I took a shot at building something in my spare time (weekends and such),
while having a fully engaging full-time job. It spanned over almost 6 months,
but there were weeks when I had not even a single commit.

Besides having an idea to believe in, Meteor.js was also a big part of making
this happen. It's the first time I'm building anything with it, but after a
few weeks of setting the tone and a few small in-house lib files, the
productivity of having it all in one place became unbeatable. I could write
some more about my experience with Meteor if other people are curious to try
it but never had the chance.

Meteor wasn't the only productivity booster though, I used as many out-of-the
box services and technologies as possible. Not to mention organizing yourself
as if you were in a team is a key ingredient in keeping a project together for
so long with so many breaks.

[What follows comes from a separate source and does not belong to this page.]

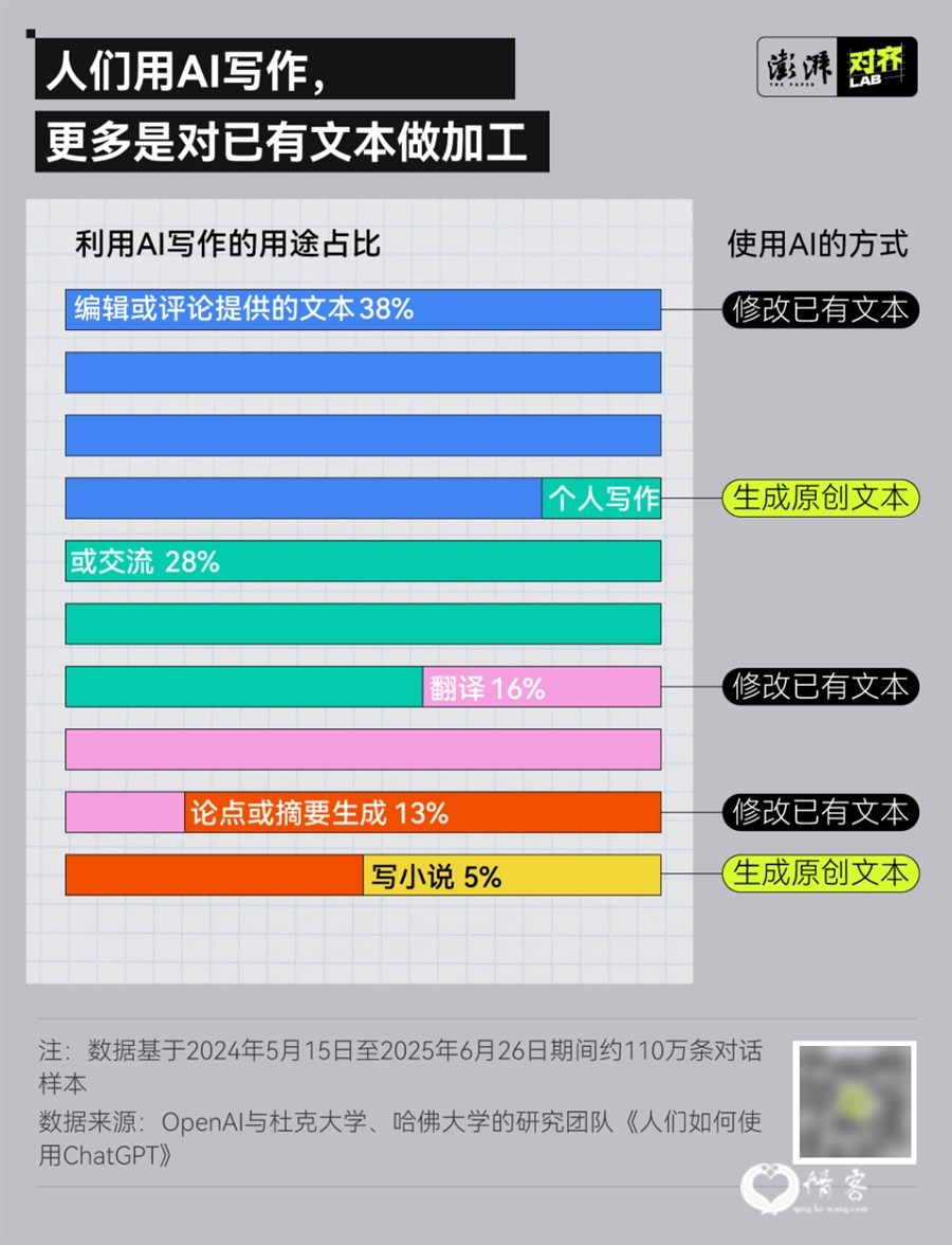 具体到最常用的写作任务,这背后用户的核心需求其实在于“文本加工”而非“从零生成”。数据指出,在所有写作对话里,约三分之二的需求是让AI编辑、润色、总结或翻译文本内容。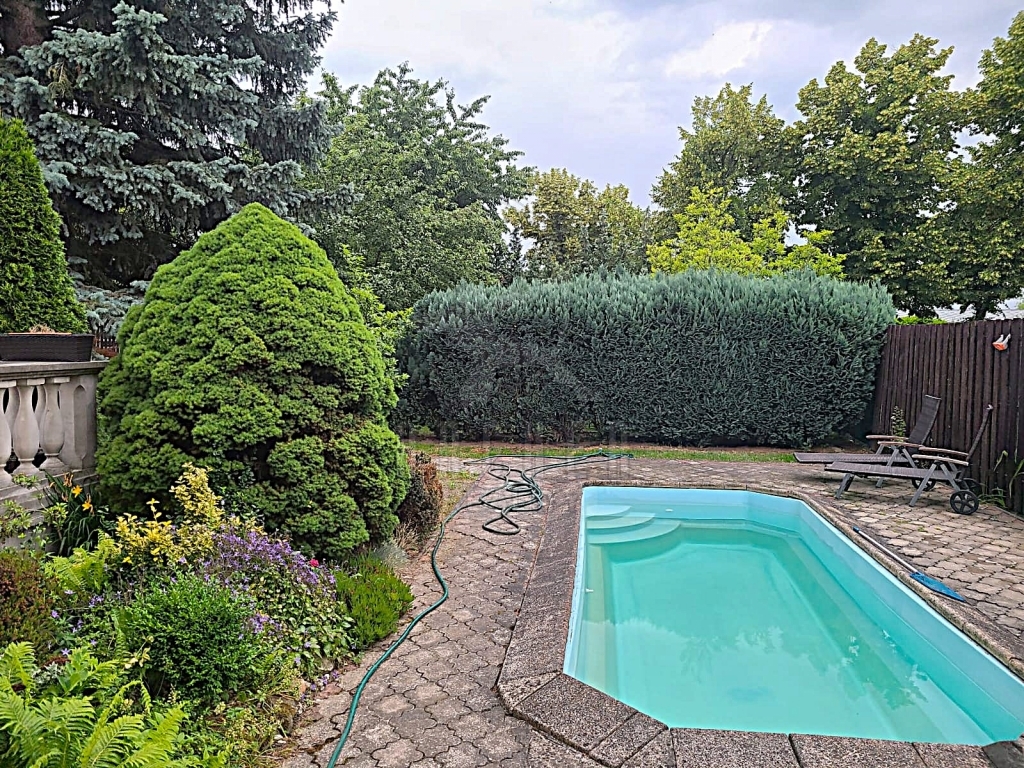 Velká zahrada se vzrostlými stromy, bazén. Nemovitost na klidném, hezkém, slunném místě, vhodná pro velkou rodinu, vícegenerační bydlení, případně kombinace bydlení v Praze a podnikání.

I used a private Github repo, but using Bitbucket
or other similar tools is just as well

Technologies

\- Meteor.js

\- CoffeeScript (If you don't hate it you will eventually learn to use it to
your advantage)

\- Bootstrap (It helped a lot, but I would drop it completely by the time the
app could be considered out of the "MVP" state)

\- Underscore + Backbone Router (Models wouldn't fit with Meteor, I made
something lighter by hand)

\- CSS3 (Go for it)

Services

\- Rackspace VPS for hosting

\- MongoHQ for data storage

\- Filepicker.io for image upload and processing

\- Mixpanel for stats

Code

\- 2068 lines of CoffeeScript (Including comments!)

\- 927 lines of LESS CSS (Here too, including comments---Yes, I add comments
to CSS)

\- 583 lines of Handlebars HTML

\- 73 lines of Bash scripts

Project

\- 403 Git commits

\- 35 closed Github issues (the ones that made it through the "MVP" milestone)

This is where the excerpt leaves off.